The training data was uploaded to the platform which generates a new project instance (i.e. project). Each project encapsulates a specific set of modeling inputs and parameters such as the training data, the type of ML problem (i.e. regression vs classification), partitioning strategy, and others that define the initial state of the AutoML process. For our projects, we assigned distinct random seeds which specifically affected the unique partitioning arrangement of the data for modeling. Given that the AutoML platform requires a minimum of 100 observations to perform automated classification modeling, we accounted for the small number of records in our dataset by duplicating the entry for each patient, thus doubling the dataset from 74 to 148 records. Importantly, we specified a 10-fold cross-validation strategy while ensuring that each of the ten partitions had at least one representation of each of the possible prediction target values and that duplicated records were always partitioned together.
For the first round of modeling, we included 46 features as predictors (S1 Table). The AutoML platform generated 80–90 possible configurations of data preprocessing steps and algorithms (i.e. blueprints, with each blueprint being assigned a unique identification number). Blueprints range from simple (e.g. BPlog: regularized logistic regression model with a spline transformation preprocessing step) to complex (e.g. BPXGB: extreme gradient boosted tree with a modified TensorFlow Variational Autoencoder preprocessing step), and the platform automatically performs data preprocessing and algorithm-specific optimization to maximize the final model performance. To identify the best-performing models, the platform first trained the blueprints on a small subset of the dataset and selected the top performing blueprints according to their validation LogLoss accuracy. The blueprint selection process was repeated with a larger subset of data for a second round of selection. The remaining blueprints, numbering between 30–40 total, were then optimized on the full dataset, and cross-validation accuracy was calculated.

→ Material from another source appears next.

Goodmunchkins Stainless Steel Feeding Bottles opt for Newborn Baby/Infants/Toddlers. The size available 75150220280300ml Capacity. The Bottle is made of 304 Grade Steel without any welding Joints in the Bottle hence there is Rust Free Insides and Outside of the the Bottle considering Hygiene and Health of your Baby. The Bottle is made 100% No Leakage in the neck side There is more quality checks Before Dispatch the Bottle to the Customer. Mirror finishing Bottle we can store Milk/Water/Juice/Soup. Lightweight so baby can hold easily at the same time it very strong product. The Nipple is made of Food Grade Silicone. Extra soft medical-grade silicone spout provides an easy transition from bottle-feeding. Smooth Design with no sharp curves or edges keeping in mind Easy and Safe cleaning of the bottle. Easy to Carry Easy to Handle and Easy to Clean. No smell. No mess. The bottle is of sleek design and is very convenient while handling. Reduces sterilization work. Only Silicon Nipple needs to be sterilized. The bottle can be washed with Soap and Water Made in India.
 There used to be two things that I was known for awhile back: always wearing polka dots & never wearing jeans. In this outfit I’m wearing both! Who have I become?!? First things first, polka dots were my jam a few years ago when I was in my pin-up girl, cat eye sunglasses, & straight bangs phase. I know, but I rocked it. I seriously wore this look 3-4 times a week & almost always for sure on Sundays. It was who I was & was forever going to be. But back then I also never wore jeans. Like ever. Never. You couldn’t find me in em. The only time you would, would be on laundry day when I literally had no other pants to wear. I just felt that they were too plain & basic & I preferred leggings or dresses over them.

To characterize the stability of the modeling process, we applied the strategy of repeated 10-fold cross-validation with 25 repetitions. Each repetition corresponded to a project with a unique random seed that determined the unique arrangement of data in the partitions. Each project implemented the same blueprints for AutoML; we accordingly aggregated the performances for each blueprint across all 25 projects by calculating the mean and 95% confidence interval for the corresponding cross-validation performances (i.e. performance). We arranged the models according to mean performance and plotted those that outperformed the Majority Class Classifier benchmark model which simply predicts every patient as having improved—the majority class of the AIS_is_improved target.

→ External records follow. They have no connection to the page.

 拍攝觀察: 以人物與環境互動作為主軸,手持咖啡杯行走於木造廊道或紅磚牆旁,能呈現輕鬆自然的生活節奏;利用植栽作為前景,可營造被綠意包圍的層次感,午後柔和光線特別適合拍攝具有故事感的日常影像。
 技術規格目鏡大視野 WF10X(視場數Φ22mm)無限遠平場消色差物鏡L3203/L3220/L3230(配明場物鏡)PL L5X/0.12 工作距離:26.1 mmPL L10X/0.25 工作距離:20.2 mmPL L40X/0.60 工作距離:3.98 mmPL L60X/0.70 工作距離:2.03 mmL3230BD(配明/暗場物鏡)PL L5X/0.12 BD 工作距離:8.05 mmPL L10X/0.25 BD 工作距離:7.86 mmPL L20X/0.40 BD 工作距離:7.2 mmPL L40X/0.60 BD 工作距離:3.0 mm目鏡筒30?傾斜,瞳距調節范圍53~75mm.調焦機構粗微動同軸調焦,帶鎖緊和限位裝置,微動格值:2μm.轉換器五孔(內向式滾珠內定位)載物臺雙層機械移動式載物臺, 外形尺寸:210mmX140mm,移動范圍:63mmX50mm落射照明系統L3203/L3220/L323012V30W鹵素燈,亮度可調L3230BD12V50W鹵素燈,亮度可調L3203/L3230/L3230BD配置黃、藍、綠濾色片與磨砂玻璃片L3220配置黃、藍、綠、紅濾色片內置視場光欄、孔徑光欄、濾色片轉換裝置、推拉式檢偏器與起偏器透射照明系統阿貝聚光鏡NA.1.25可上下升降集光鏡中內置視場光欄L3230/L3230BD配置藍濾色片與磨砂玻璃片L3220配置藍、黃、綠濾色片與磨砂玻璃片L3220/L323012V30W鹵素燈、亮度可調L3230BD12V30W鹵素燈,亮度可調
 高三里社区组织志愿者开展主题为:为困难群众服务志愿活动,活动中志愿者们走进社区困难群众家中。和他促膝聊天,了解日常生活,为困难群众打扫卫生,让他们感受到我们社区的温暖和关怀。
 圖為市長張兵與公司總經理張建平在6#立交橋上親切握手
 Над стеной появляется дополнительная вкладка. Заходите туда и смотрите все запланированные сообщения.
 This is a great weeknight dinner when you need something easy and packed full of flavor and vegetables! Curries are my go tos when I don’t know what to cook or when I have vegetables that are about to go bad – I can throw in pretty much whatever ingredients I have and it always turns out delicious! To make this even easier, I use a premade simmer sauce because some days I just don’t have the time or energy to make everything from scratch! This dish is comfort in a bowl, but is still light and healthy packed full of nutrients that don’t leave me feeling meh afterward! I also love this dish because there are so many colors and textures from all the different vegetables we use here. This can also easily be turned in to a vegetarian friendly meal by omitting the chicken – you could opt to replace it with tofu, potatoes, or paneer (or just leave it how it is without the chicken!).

Permutation feature importance (pFI; also termed feature impact on the platform) was calculated through a permutation-based approach by the AutoML platform [33]. In brief, the values of a single feature were permuted, and the resulting loss in LogLoss accuracy was calculated. The permutation and performance loss assessment were repeated multiple times to generate an average accuracy loss. This process was performed on every feature individually. The platform further normalized the pFI values to the maximum pFI value observed; pFI in this study thus refers to the normalized values. We aggregated the pFI values across all 25 projects to calculate the mean pFI and 95% confidence interval for each feature. The features were then arranged from highest to lowest pFI for visualization.

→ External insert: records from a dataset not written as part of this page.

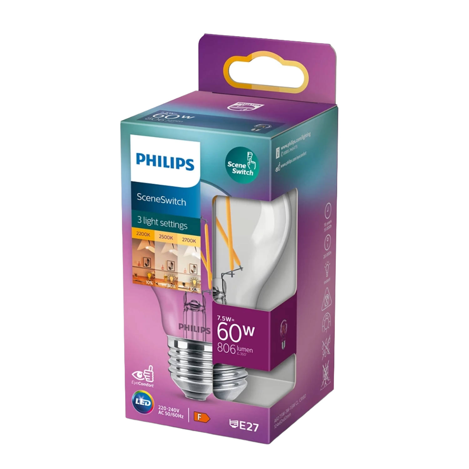 E27 ljuskälla (stort uttag) i klar med 3 steg. Det betyder att du kan dämpa ljuset genom att helt enkelt slå på och stänga av strömbrytaren. Glödlampan lyser varmare i färgen när den är nedtonad. Så du får ett fint behagligt ljus.
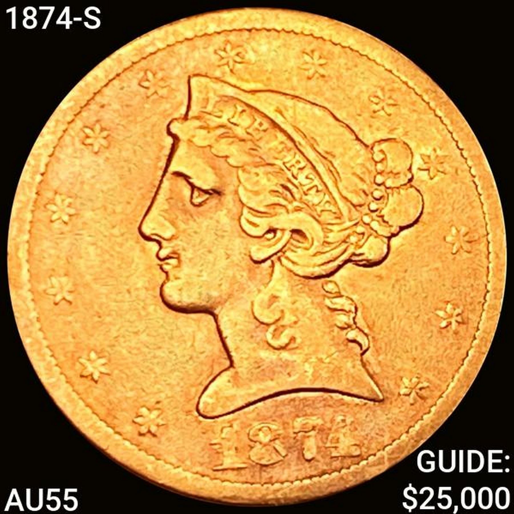 1874-S $5 Gold Half Eagle CLOSELY UNCIRCULATED
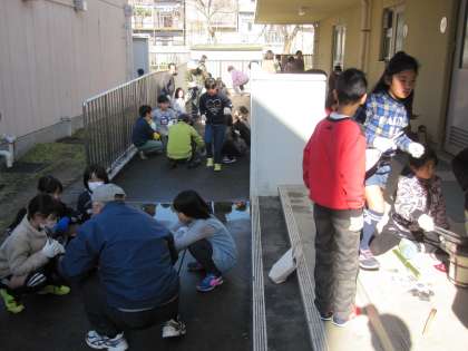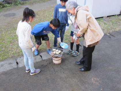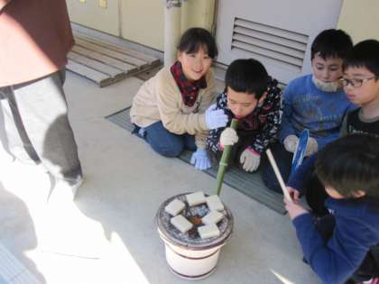 おもちを焼くときに,竹筒を使って七輪の火に勢いをつけていました。火が強すぎて,おもちは少し焦げるところがありましたが,子どもたちはおもちを喜んで食べていました。
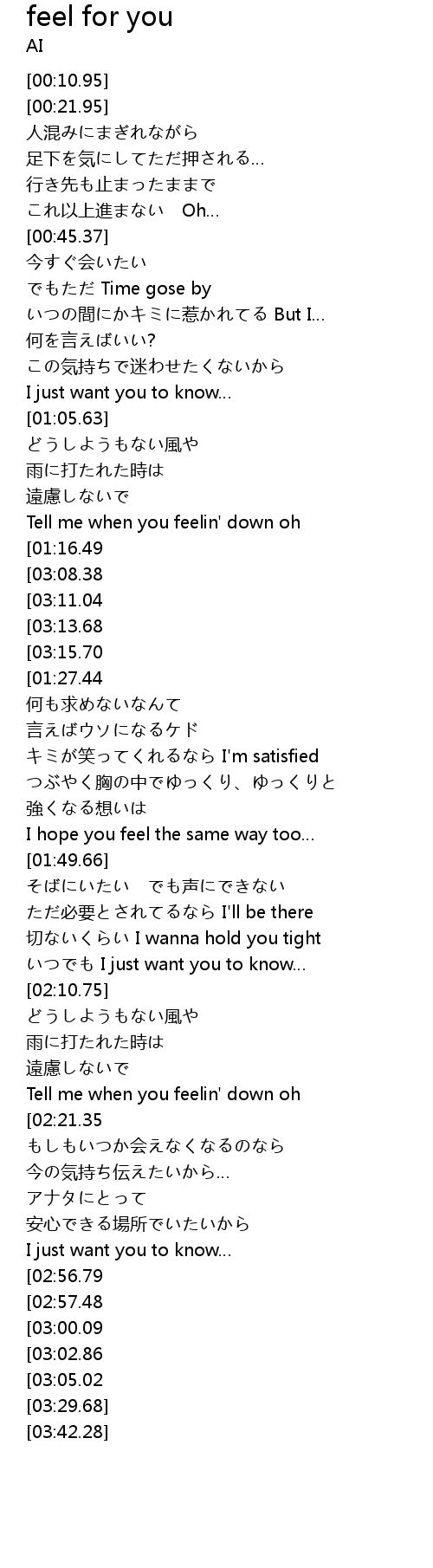 | [03:37.52][03:15.70][02:29.76][01:24.53] | Cause いつでも I feel for you… |
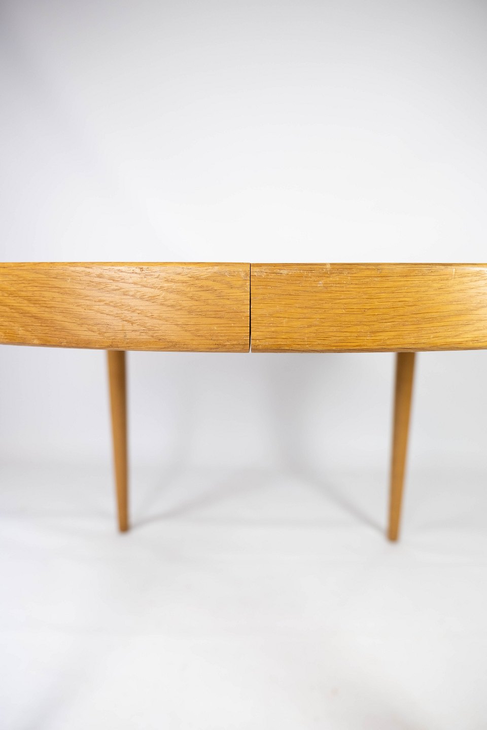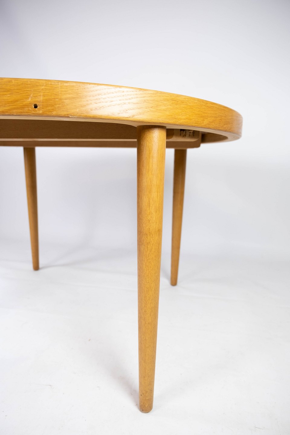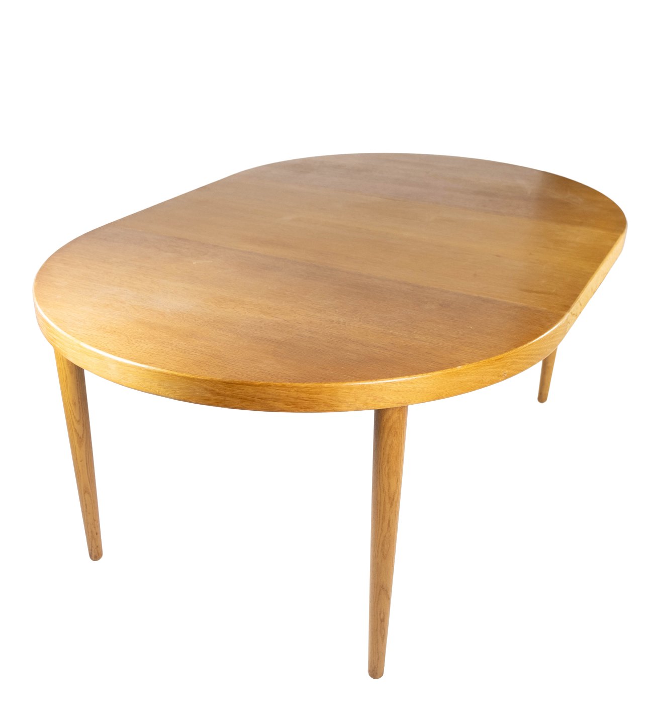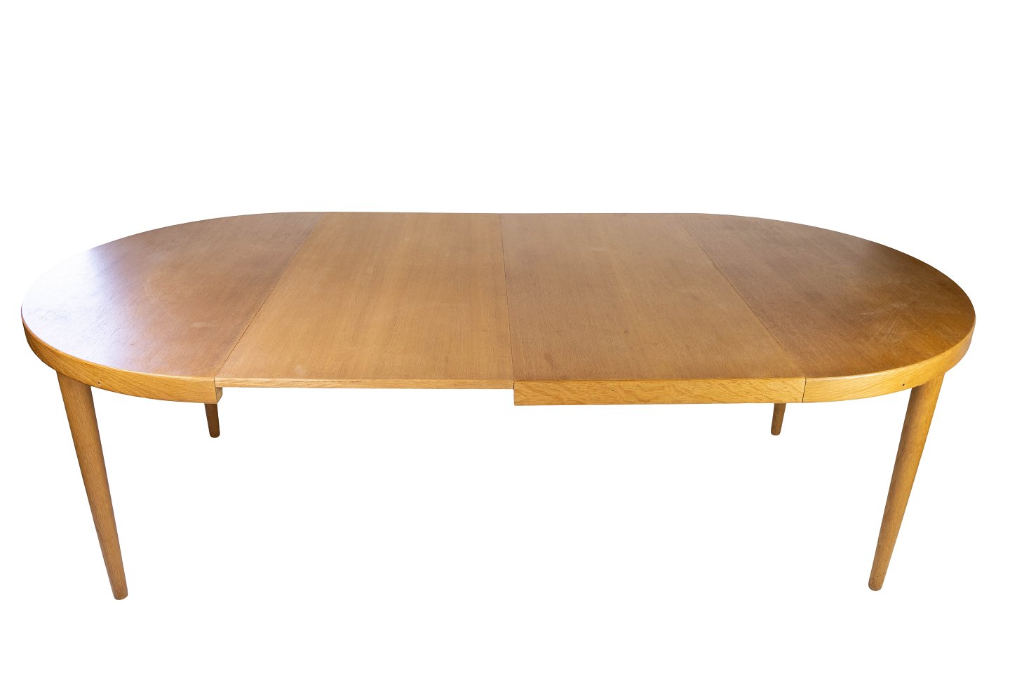 SolgtSpisebord i eg med to tillægsplader designet af Omann Junior fra 1960erne. Bordet er i flot brugt stand.

Performance precision analysis
To characterize the relationship between number of aggregated projects and the precision (i.e. variability) of model performance as a result of different partitioning arrangements, we created 150 projects, each with a unique random seed and corresponding partitioning arrangement. We optimized both BPlog and BPXGB in each project with the 46 features using the AutoML platform. We collected the resulting cross-validation LogLoss and AUC performance values for all 150 projects. We then performed the following sampling analysis:
- Randomly sample one project.
- Randomly sample another project without replacement. The newly-sampled project and any previously-sampled projects form the current project aggregate.
- Calculate the standardized performance CI width with the current project aggregate.
- Repeat steps 2–3 until all 150 projects have been aggregated.
- Perform steps 1–4 1000 times.
- Calculate the expected (i.e. mean) standardized performance CI width with corresponding 95% confidence intervals for each number-of-projects-aggregated.
Standardized performance CI width was calculated with the following formula:
The results were visualized with an emphasis on the 25-project point. The process was repeated for BPlog and BPXGB as well as for LogLoss and AUC metrics.
Feature instability analysis
To characterize the relationship between number of aggregated projects and feature instability, we used the same 150 projects as in the performance precision analysis. For each instance of BPlog and BPXGB, we calculated the normalized pFI values. To obtain the pFI ranks, we ordered and ranked the pFI values for each specific instance of the model and project from highest to lowest. As a metric for feature instability, we calculated the feature rank instability (FRI):
where p and q represent two different pFI lists, i is the ith feature, and f is the total number of features.
We then performed a sampling analysis as follows:
- Randomly sample one project.
- Randomly sample another project without replacement. The newly sampled project and any previously sampled projects form the current project aggregate.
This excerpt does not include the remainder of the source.